The company warns of a wider loss on lower revenue. Final numbers are due at the end of the month. Scott McNealy must be glad he's out golfing.

In June 2005, long before most people ever heard of subprime, LIBOR, or credit default swaps, Sun Microsystems thought it was a grand idea to buy StorageTek for the princely sum of $4.1 billion. At the time, the thinking at Sun was to become more of a one-stop shop for its corporate clientele. On paper, at least, it sounded like a plausible idea.

But that was a veritable eternity ago. With the market's sudden meltdown in the last month, corporate spending--at least on Sun's products and service--has been hit especially hard. So it was that Sun warned this afternoon of a wider loss on lower revenue. The company said that it's going to lose 25 cents to 35 cents a share.

That figure includes a $60 million restructuring charge but not the potential goodwill impairment. Sales are expected to come in between $2.95 billion to $3.05 billion, as compared to $3.21 billion for the first quarter of fiscal 2008.

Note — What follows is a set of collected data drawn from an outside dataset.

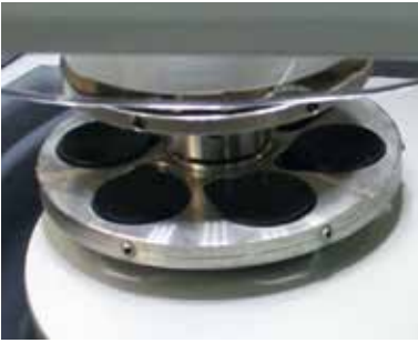
Central pressure requires levelled samples
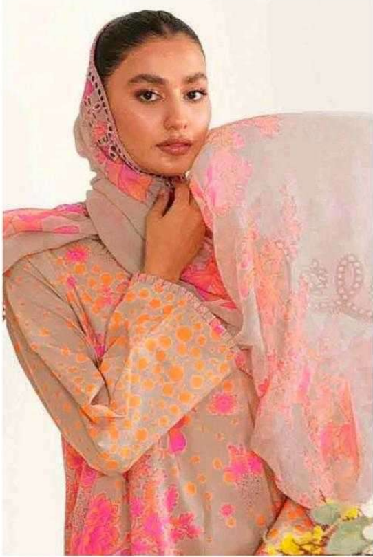
PUT YOUR IRON HAND IN A GLOVE
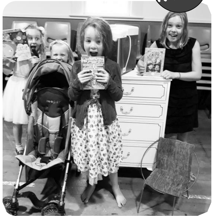
Sacred Heart School pupils get their eyes on some treasures ahead of the Monster Garage Sale coming up Saturday 9 February.

Head to Sacred Heart School at 63 North Rd on Saturday 9 February from 10.30am-1.30pm to find yourself some treasures.
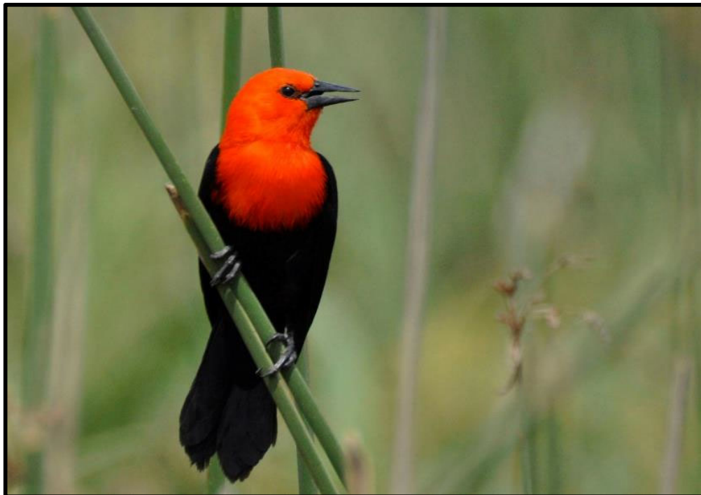
Birding the Iberá Marshlands may produce sightings of the beautiful Scarlet-headed Blackbird.

Overnight: Estancia San Juan Poriahú, Ituzaingó
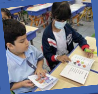
NCS Big Sister telling story
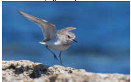
Greater Sand Plover, Agia Thekla, 15 th May.

GREATER SAND PLOVER Charadrius leschenaultii Βραχοπλουμιδι
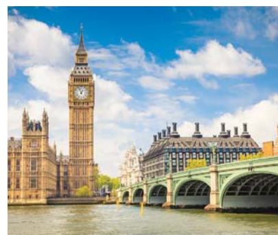
The work will take three years to complete

An on-site spa will also feature steam-baths, a sauna and treatment facilities. Details: http://lei.sr?a=M3Q6h_O
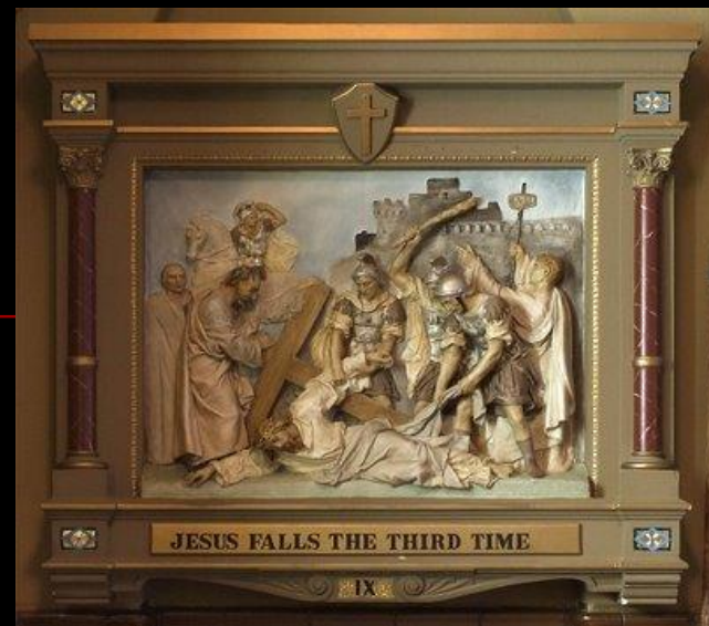
Saint Charles Borromeo Church, Saint Charles, Missouri
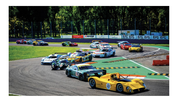
Auto racing, Monza

Indianapolis twinned with Monza, Italy because they both have a strong association with Auto racing . Sometimes business relationships are a factor, as with the twinning of Portland, Oregon with Bologna, Italy due to their shared Biotechnology industries and "shared attitude towards food!" Rochester, Minnesota and Knebworth, England partnered since both are centers of Medical research .
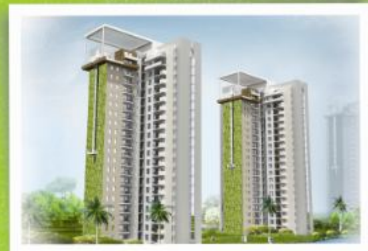
LOTUS PANACHE, NOIDA
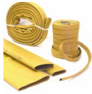
TALK TO A MEMBER OF OUR SALES TEAM TODAY.
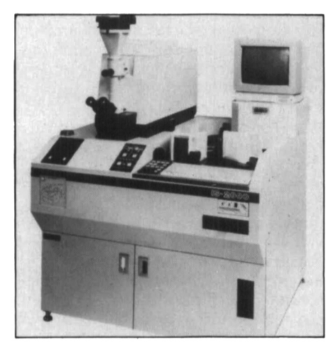
Patterned Wafer Inspection System
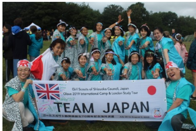
ようこそ日本 and thank you for your amazing dance!
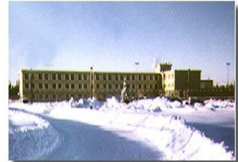
Kenai and Seward RESOURCE LIST

Spring Creek Correctional Center Mile 5 Nash Road PO Box 2109 Seward, Alaska 99664

What really stands out in the warning is the paragraph devoted to a discussion of what largely was the StorageTek business. To wit:

Based on a combination of factors, including the current economic environment, Sun's operating results, and a sustained decline in Sun's market valuation, the company has concluded that it is likely that the fair value of one or more of its reporting units has been reduced below its carrying value. As a result, Sun is currently conducting an interim goodwill impairment analysis to determine the required amount of the non-cash impairment charge, if any. As of September 28, 2008, prior to the impact of this potential non-cash impairment charge, Sun's total goodwill balance was $3.2 billion of which $1.8 billion relates to reporting units that may be impaired.

Sun also paid about $1 billion to buy MySQL in January. A spokeswoman said Sun will publish final numbers on October 30, when the company holds its quarterly earnings call.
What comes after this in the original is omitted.